Workout Description
AMRAP in 25 minutes
7 Muscle-Ups
11 Thrusters (155/105 lb)
14 Toes-to-Bar
Why This Workout Is Very Hard
A long 25-minute AMRAP with advanced gymnastics (ring muscle-ups), heavy thrusters (155/105 lb), and high-volume hanging core work. The skill ceiling is high, the barbell load is demanding for sets, and grip/shoulders are taxed continuously. Sustaining quality movement and pacing for the full duration requires strong capacity and experience under fatigue.
Training Focus
This workout develops the following fitness attributes:
- Stamina (8/10): Repeated moderate-to-high rep sets under fatigue require sustained muscular endurance of shoulders, grip, and legs.
- Endurance (7/10): Twenty-five minutes of continuous work challenges aerobic capacity, but without monostructural movement it’s more mixed-modal endurance than steady-state cardio.
- Power (6/10): Hip drive and explosive turnover in muscle-ups and powerful thruster drive are essential, especially early in sets.
- Speed (5/10): You’ll move steadily rather than sprint; quick but controlled cycling and short rests preserve pace over 25 minutes.
- Strength (5/10): The thruster load is heavy for cycling, demanding strength endurance, though not near one-rep max territory.
- Flexibility (4/10): Front rack and overhead positions for thrusters plus deep squat, plus shoulder extension/flexion for muscle-ups require decent mobility.
Scaling Options
Scale to: 7 Jumping Ring Muscle-Ups • 7 Chest-to-Bar Pull-Ups + 7 Ring Dips • 10 Pull-Ups + 10 Box/Bench Dips • Thrusters 115/75 or 95/65 or 75/55 lb • 14 Knee-to-Elbow or 14 Hanging Knee Raises
Scaling Explanation
These options preserve the pulling + pressing pattern of muscle-ups, the intended thruster stimulus (heavy but cycled in 1–2 sets), and the midline/grip demand so athletes keep the same pacing and training effect.
Intended Stimulus
A steady, challenging grind where you manage small sets and short rests. Heart rate stays high but under redline. The goal is consistent movement quality: crisp kips, efficient transitions, and smart sets on heavy thrusters. Grip and shoulders should feel taxed but not blown up so you can maintain output to the 25-minute mark.
Coach Insight
Open with sustainable sets: 3-4/3-4 muscle-ups, 6/5 thrusters, 8/6 toes-to-bar. Keep rests under 10 seconds.

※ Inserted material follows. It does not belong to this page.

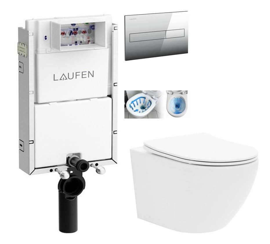 LAUFEN Podomít. systém LIS TW1 SET s chromovým tlačítkem + WC CALANI Loyd + SEDÁTKO (H8946630000001CR LO1)
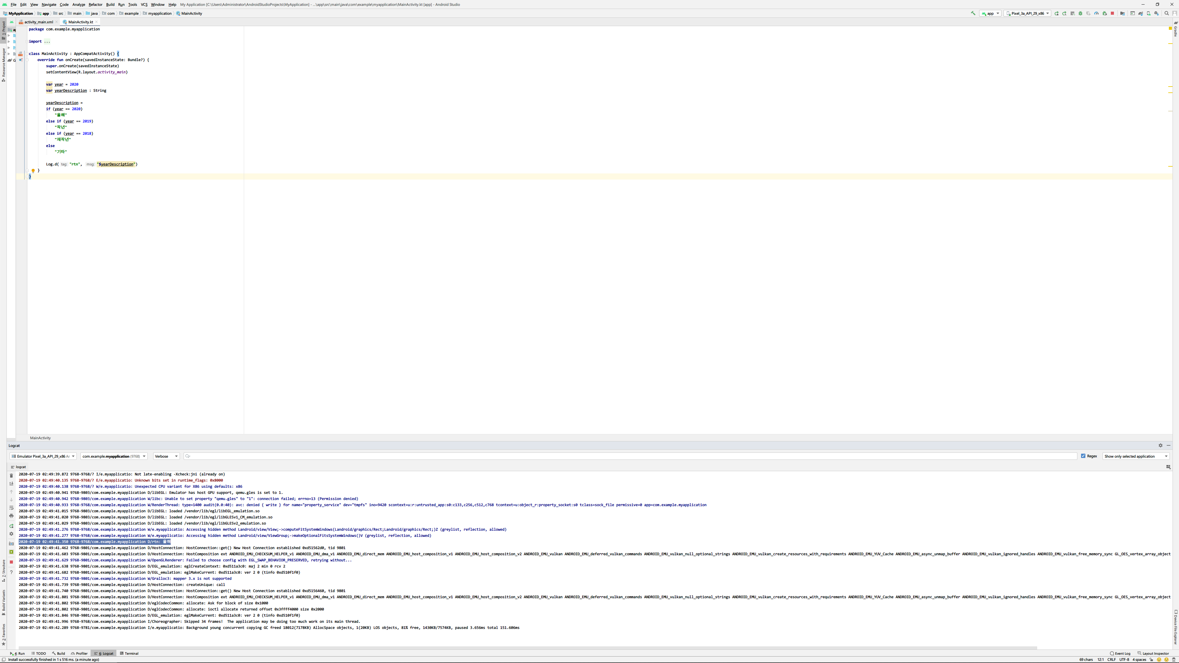 Log.d("실행", "$rtn")

The one tip: Break before you have to. Stop one rep early while you’re fresh to avoid long, costly breaks later.
Common mistakes: Going unbroken early, death-grip on the bar, sloppy front-rack positions, and losing kip rhythm when fatigued.
Benchmark Notes
Your score is total reps in 25 minutes. Each round is 32 reps. Hitting 128 reps (~4 rounds) is solid. 160–192 reps (5–6 rounds) indicates advanced capacity. 208–224 reps (6.5–7 rounds) is elite pacing with minimal breaks and excellent efficiency on muscle-ups and heavy thrusters.
Modality Profile
Two of the three movements are gymnastics (muscle-ups and toes-to-bar), dominating time and grip/shoulder fatigue. The heavy thruster represents significant weightlifting volume but only one of three elements. There is no monostructural element, so the breakdown skews toward gymnastics with substantial barbell work.